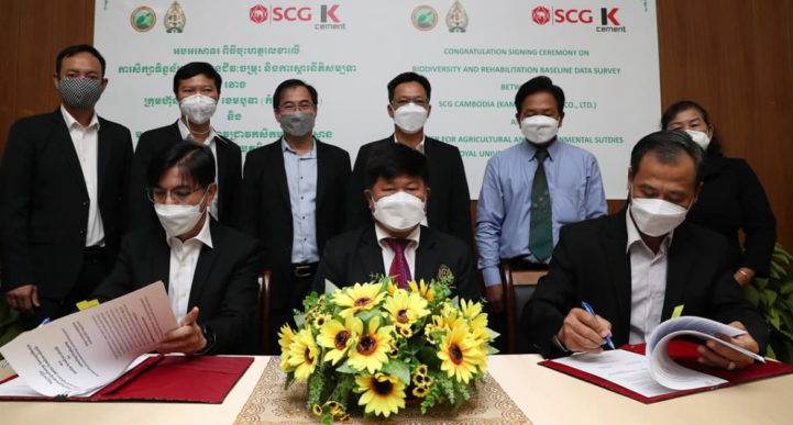 ក្រុមហ៊ុន អេសស៊ីជី ប្រចាំកម្ពុជា តាមរយៈបុត្រសម្ព័ន្ធរបស់ខ្លួន គឺក្រុមហ៊ុន កំពត ស៊ីមេន កាលពីថ្ងៃទី១១ ខែកុម្ភៈ ឆ្នាំ២០២២ បានចុះហត្ថលេខាលើអនុស្សរណៈយោគយល់គ្នា ជាមួយនឹងសាកលវិទ្យាល័យភូមិន្ទកសិកម្ម (RUA) សម្រាប់ការសិក្សាទិន្នន័យមូលដ្ឋានជីវចម្រុះនៅតំបន់ការដ្ឋានយកថ្មកំបោររបស់រោងចក្រក្រុមហ៊ុន កំពត ស៊ីមេន ដើម្បីត្រួសត្រាយផ្លូវសម្រាប់ការស្ដារបរិស្ថាននិងអភិរក្សជីវចម្រុះនៅតំបន់ទាំងនោះ នាពេលអនាគត ។ នៅក្រោមកិច្ចព្រមព្រៀងនេះ មជ្ឈមណ្ឌលសិក្សាកសិកម្មនិងបរិស្ថាន (CAES) របស់សាកលវិទ្យាល័យភូមិន្ទកសិកម្ម នឹងអនុវត្តការសិក្សាទិន្នន័យមូលដ្ឋានជីវចម្រុះ នៅទីតាំងគម្រោងយកថ្មកំបោរដែលគ្រប់គ្រងដោយរោងចក្រស៊ីម៉ងត៍ កំពត ស៊ីមេន នៅក្នុងខេត្តកំពត ដើម្បីប្រមូលទិន្នន័យមូលដ្ឋានសម្រាប់បម្រើដល់ការអនុវត្តការងារស្ដារបរិស្ថាននិងអភិរក្សជីវចម្រុះនៅតាមតំបន់គម្រោងទាំងនេះ នៅពេលខាងមុខ ។ នៅឯពិធីចុះហត្ថលេខា លោកបណ្ឌិត រ៉ាត់ឆាយុត
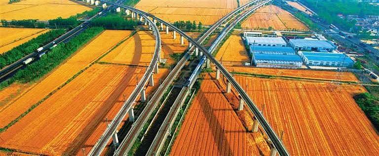 6月2日,江苏连云港市,动车组列车从东海县张湾乡四营村即将收割的麦田上方驶过。各地抢抓晴好天气,有序推进小麦机收。截至6月1日,全国投入小麦联合收割机17.4万台,已收获小麦面积6518万亩。
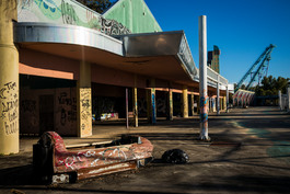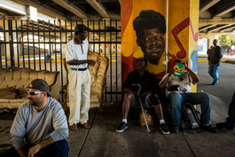 USA. New Orleans, LA. 2018. Beneath Ponchartrian Expressway overpass....
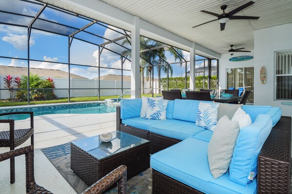 On arrival you will love its front elevation framed by lush tropical landscaping and fresh brickwork paving. A large open plan living area is styled with vaulted ceilings and opens onto a large outdoor pool and entertaining space, that is perfect for relaxation. The garage is setup as a sports bar/games room featuring a pool table, air hockey, foosball, TV and bar area. The 4-bedroom, 3-bathroom property boasts two generous owner’s bedroom suites featuring king-sized beds, en-suite bathrooms with dual vanity units & direct pool access. The third and fourth bedrooms are themed twins and share the third bathroom, which also offers access from the pool area. Key features include A/C & Wi-Fi throughout, 7 smart Roku TVs (full cable, Netflix/Disney etc, one outside), a kitchen featuring Corian surfaces and washer/dryer facilities. Both the indoor and outdoor dining areas comfortably seat eight people and a BBQ is available.

★ ★ ★

# THE TASK:
Retype precisely, and only, the lines from the one holding "USA. New Orleans, LA." through the final line of the data above, with the pictures omitted.

# RESULT:
 USA. New Orleans, LA. 2018. Beneath Ponchartrian Expressway overpass....
 On arrival you will love its front elevation framed by lush tropical landscaping and fresh brickwork paving. A large open plan living area is styled with vaulted ceilings and opens onto a large outdoor pool and entertaining space, that is perfect for relaxation. The garage is setup as a sports bar/games room featuring a pool table, air hockey, foosball, TV and bar area. The 4-bedroom, 3-bathroom property boasts two generous owner’s bedroom suites featuring king-sized beds, en-suite bathrooms with dual vanity units & direct pool access. The third and fourth bedrooms are themed twins and share the third bathroom, which also offers access from the pool area. Key features include A/C & Wi-Fi throughout, 7 smart Roku TVs (full cable, Netflix/Disney etc, one outside), a kitchen featuring Corian surfaces and washer/dryer facilities. Both the indoor and outdoor dining areas comfortably seat eight people and a BBQ is available.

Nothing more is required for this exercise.